Here is your answer.

AI Brings With it New Risks

MLOps pipelines (sometimes also known as AI Ops), while akin to traditional data processing systems in their value to organizations, have distinct vulnerabilities. Attackers may aim to insert biases, manipulate model outcomes, or compromise data integrity or tools, aiming at undermining model reliability and skewing decision-making processes. ATLAS, a framework by the MITRE organization for MLOps protection, underscores the necessity for tailored security measures that address these challenges.

AI Will Bring With It New Regulations

The burgeoning field of AI and MLOps is under increasing scrutiny from regulators worldwide. In the absence of comprehensive federal legislation in the United States, guidance from bodies like the National Institute of Standards and Technology (NIST), such as the Artificial Intelligence Risk Management Framework 1.0, offers a glimpse into future regulatory frameworks. The framework emphasizes trustworthiness in AI systems, including the seven defined characteristics of trustworthy AI systems: safety, security and resilience, explainability and interpretability, privacy-enhanced, fair with harmful bias managed, accountable and transparent, as well as valid and reliable.

MLOps and Software Supply Chain Have a Lot in Common

The similarities between MLOps pipeline vulnerabilities and traditional software supply chain risks are striking. Both realms face threats of compromise aiming at undermining the integrity of the development process and the security of the final product. Maliciously modifying an LLM is quite similar to maliciously modifying a software dependency; maliciously modifying the software running the LLM is, in fact, a software supply chain attack; accountability, transparency, and trust requirements discussed in the AI world are exactly what stands behind the SBOM requirements in the software supply chain world.

The MITRE organization publishes cybersecurity models. MITRE has recently published the Atlas model for MLOps protection, which can be found here. An overview of the model is given below:

ATLAS Matrix

Just like in the ‘traditional’ cybersecurity domain, AI and MLOps regulations are still being developed. Following these emerging regulations would make it easier to protect MLOps existing assets as well as to attest to compliance of MLOps processes with existing and emerging best practices.
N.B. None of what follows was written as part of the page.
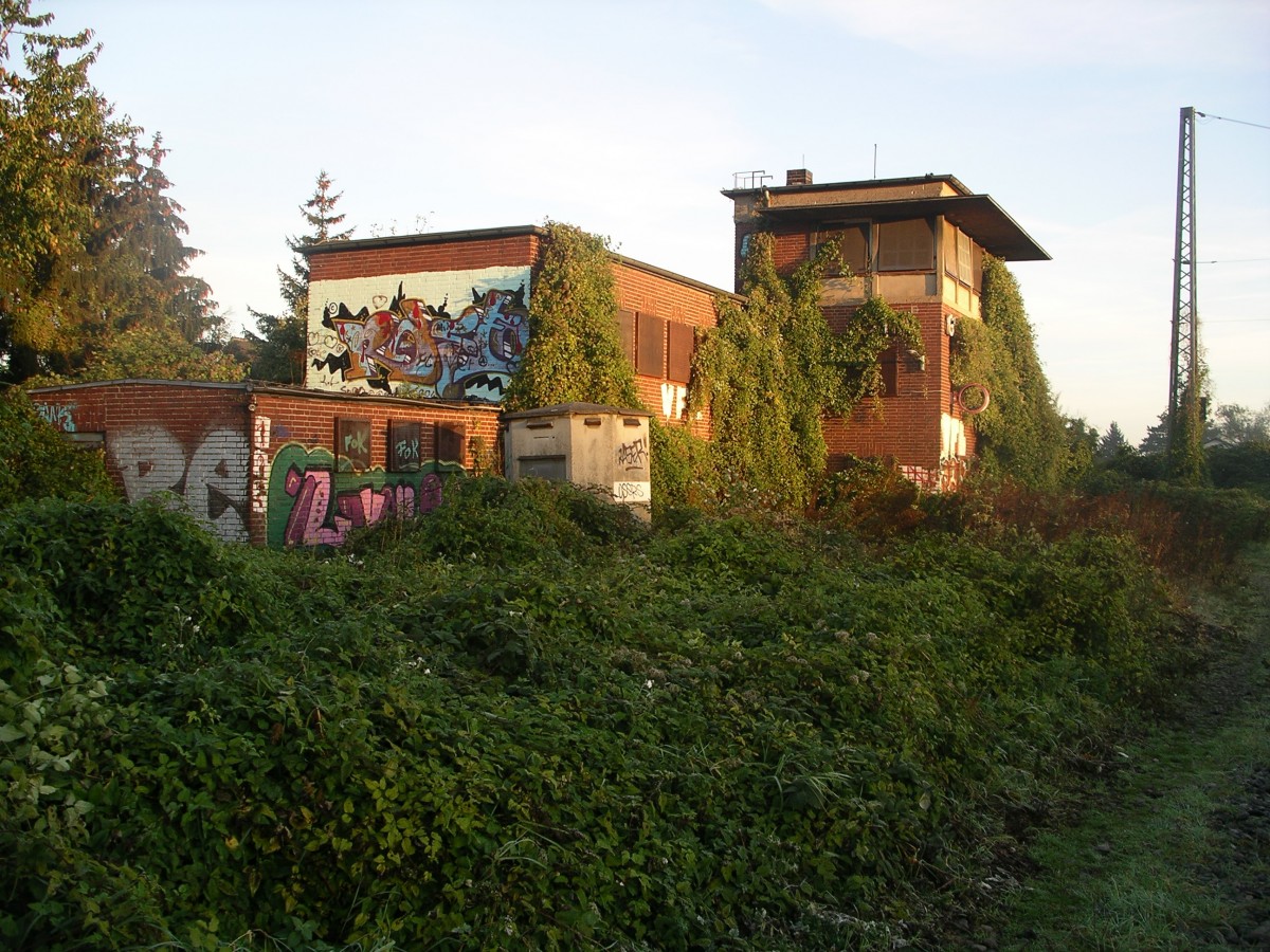 Das ehemalige Stellwerk am Bahnübergang Blumenstraße. Der Bahnübergang ist nicht auf dem Bild zu sehen. Das Stellwerk ist Wetter ausgesetzt und in marodem Zustand. 31.10.2013

Organizations will need to attest to their model’s integrity as well as to their model being unbiased.

There are Technologies That Will Serve Both Realms

Technologies that ensure data, code, and tools’ integrity can provide the required integrity controls for software supply chain security of both MLOps and DevOps.

Technologies that provide transparency and trust measures of software can provide similar values for MLOps. 
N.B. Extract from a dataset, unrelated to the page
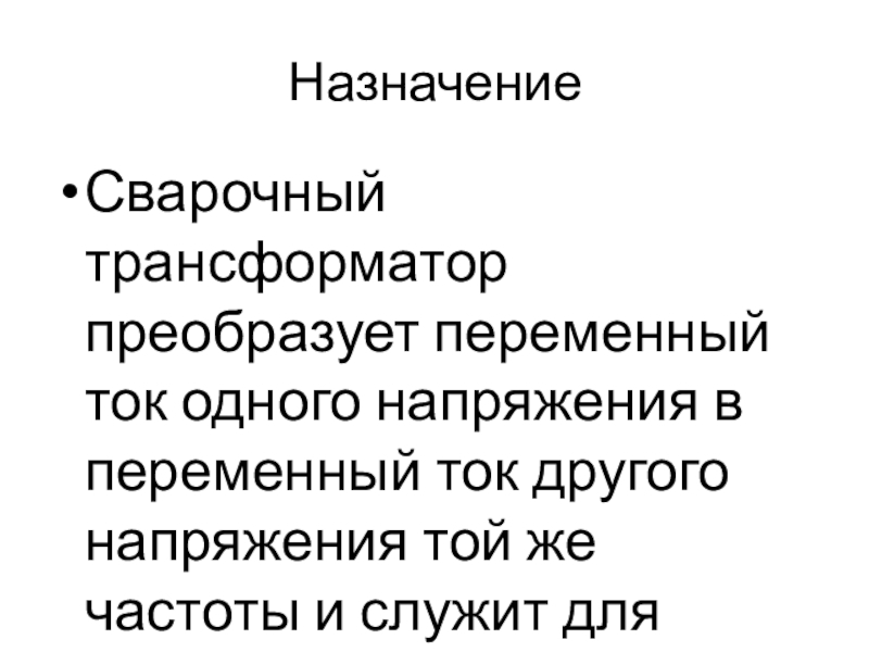 Назначение Сварочный трансформатор преобразует переменный ток одного напряжения в переменный ток другого напряжения той же частоты и

Attestation-Based Supply Chain Security Technology

The concept of evidence-based software supply chain protection is simple: a software artifact should not be trusted unless there is enough evidence of its trustworthiness. Implementation of this concept involves evidence collection tools, a policy engine that evaluates the evidence to verify it, alerts of violations and recommendations for mitigations, and sharing mechanisms that allow transparency and collaboration. The in-toto framework is an academic example of such a solution. Scribe’s software supply chain platform is, among other things, a commercial manifestation of this technology and extended its technology to support the ML-Ops challenges.

Scribe’s evidence-based approach is agnostic to the specifics of the evidence; thus, the same technology can serve MLOps protection, for example:

  • Ensuring software integrity and ML pipeline integrity.
  • Ensuring the integrity of open-source dependencies and the integrity of the AI model.
  • Evaluating SAST reports to ensure AI-specific testing-tools reports (e.g., biasing testing).
  • Sharing SBOMs and policy evaluations, as well as MLBOMs and MLOps policy evaluations. 
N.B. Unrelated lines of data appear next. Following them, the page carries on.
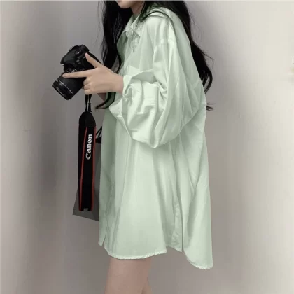 | nameOriginal | Mint Green Loose Little Mambo Style Long Sleeve Shirt |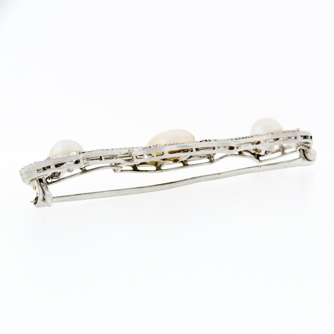 An antique art deco solid platinum bar pin brooch, with 1 round shape natural pearl (8.51x8.52mm), and 2 Gia certified button natural pearls (A) 5.83 x 3.77 mm - B) 6.29 x 4.16 mm), with 14 old european cut natural diamonds (F/G - VS1/VS2 ; 0.38ctw). Measures 12.52x61.22mm and weighs a total of 9.17 grams. Comes with all original relevant certifications.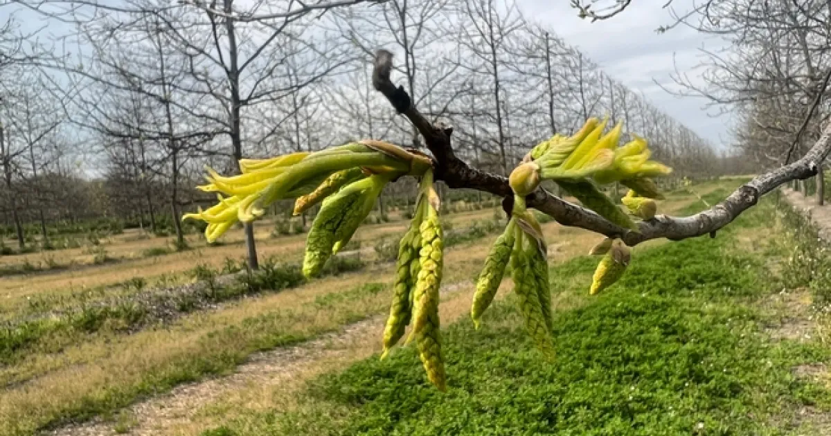 In some permanent cropping systems, climate conditions such as low winter chill may affect the overlap of the female and male bloom, affecting crop productivity. To mitigate this risk, pistachio growers sometimes plant multiple pollinizer varieties in orchards.  In Tulare County pecan growers rely on two varieties, ‘Western' and ‘Wichita,' to satisfy the reproductive needs of the crop.  One goal of the USDA NIFA-funded project is to assess the timing and overlap of the male and female bloom of co-planted varieties over years characterized by different climate conditions. Researchers across the United States are utilizing standardized techniques to assess bud break, shoot development, and bloom on many cultivars to provide phenotypic data that can be utilized by geneticists striving to breed climate resilience in pecan. Additionally, researchers are quantifying damage cause by pecan leaf scorch, a disease caused by a bacterial plant pathogen. The disease has been detected in California; however, it does not appear to be as severe in California orchards as in other regions of the United States.

Scribe Security Software Supply Chain Technology for AI/ML-Ops

The MITRE ATLAS and Scribe’s Technology

Following is a mapping of Scribe’s current capabilities compared to the MITRE ATLAS attack map:

Following is a mapping of the MITRE Mitigations compared to Scribe’s technology:

MITRE Mitigation IDMitigationScribe’s Solution
AML.M0005Control Access to ML Models and Data at RestAccurate pipeline tracking:
Track resources and detect anomalies of ML pipeline access patterns (FS-Tracker)
AML.M0007Sanitize Training DataData integrity:
Attest to and verify data used for training
AML.M0011Restrict Library Loading Data and code integrity:
Attest to and verify data model and code library loading.
AML.M0013Code Signing Code integrity:
Attest to and verify code used.
AML.M0014Verify ML ArtifactsData and code integrity:
Attest to and verify data model and code library loading.
AML.M0016Vulnerability Scanning Vulnerability scanning, policy evaluation:
Attest to the execution of tools such as vulnerability scanning. Evaluate policies regarding these attestations.
Scan vulnerabilities based on SBOM attestations collected from the ML pipeline.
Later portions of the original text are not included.